Among the 500-odd first-time job seekers surveyed, 35 percent had sent out 30 to 50 copies of their resumes since the job-hunting season started last autumn. Another almost 30 percent had submitted 50 resumes or more.
The most frenzied student said he had distributed about 600 copies of his resume.
"Most of us have adopted a very broad approach, submitting CVs to every potential recruiter at any opportunity - job fairs, campus recruitment sessions or by e-mail," said Wu Zhongfu, a student at Donghua University. "People are just plowing through every single possibility to see whether there's an open door."
Most students, however, had heard nothing back.
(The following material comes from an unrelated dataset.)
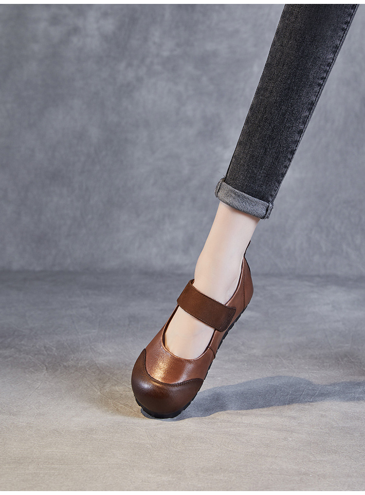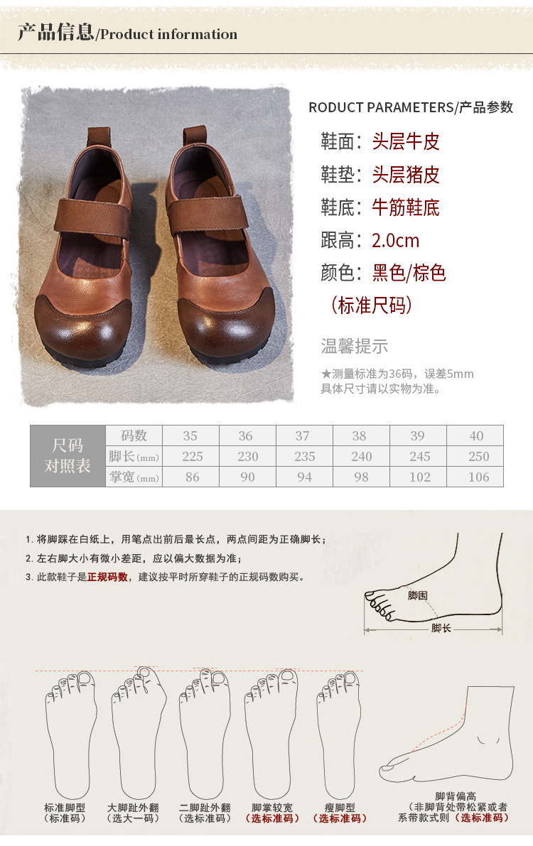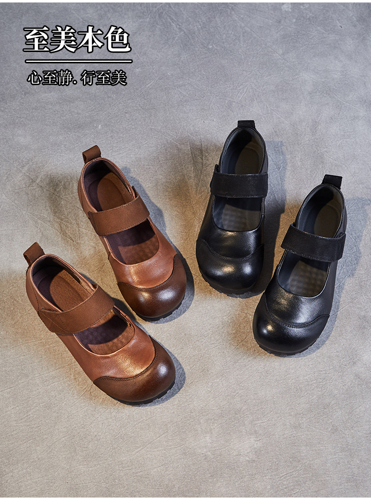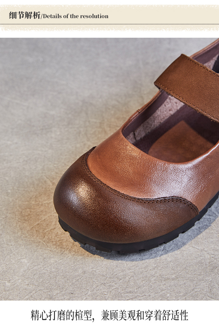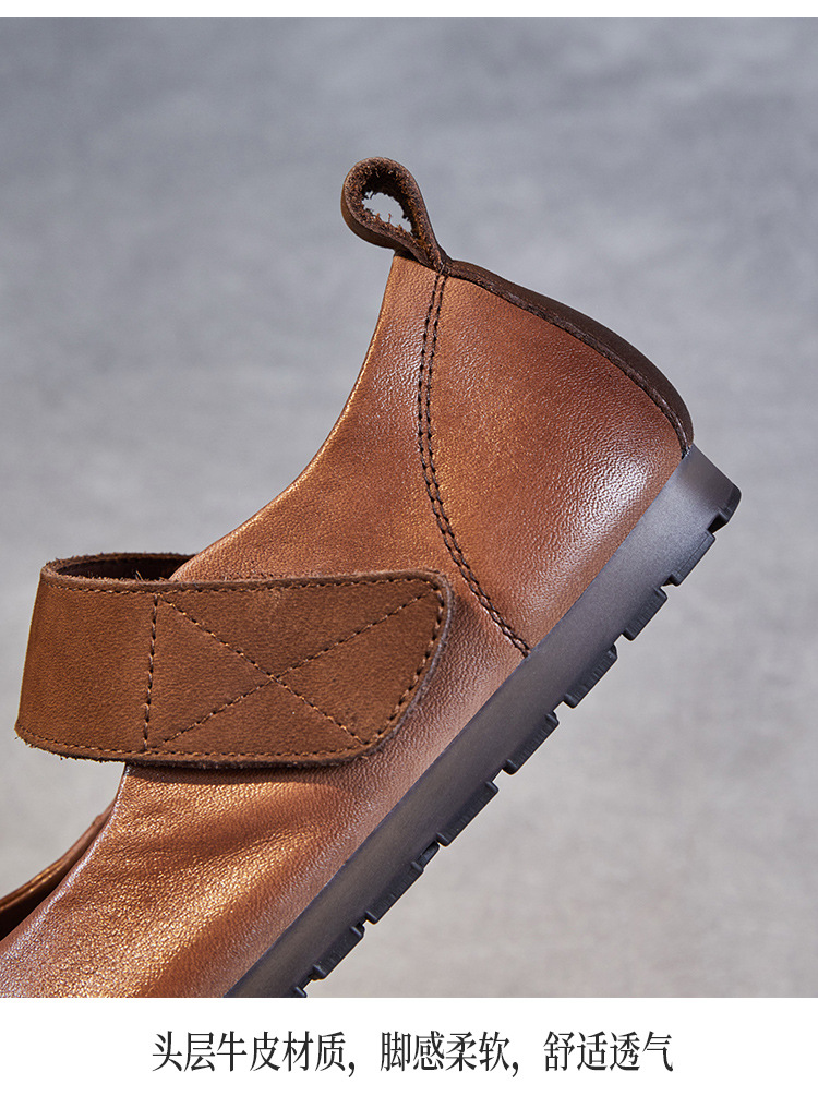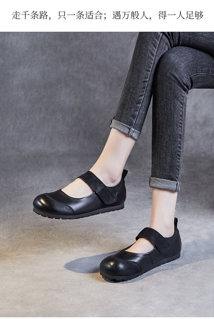 첫 번째 레이어 소 가죽 부드러운 바닥 메리 제인 가죽 신발 로우 컷 싱글 레이어 신발 이브닝 신발 여성 플랫 벨크로 수제 엄마 신발스토어 가기

"Many multinational corporations have stopped hiring on the instructions of their global headquarters, even if professional demand is still out there in China," Wu said.
About 55 percent of the 104 multinational corporations surveyed didn't intend to add any new staff this year.
Among those that are still recruiting, half will hire less than 10 people, compared with an average of 50 to 100 people in previous years.
To boost graduates' employment prospects, SFSC teamed up with 157 multinational corporations to offer 1,000 vocational training opportunities, 1,000 internship positions and 1,000 job openings for graduates earlier this month.
Also, a funeral industry job fair on Saturday unexpectedly attracted hundreds of students looking for jobs in cemeteries and funeral parlors.
More than 3,200 people arrived to compete for nearly 400 positions. There were openings for, among other things, grave-stone designers and make-up experts for corpses, as well as customer services and archivist positions.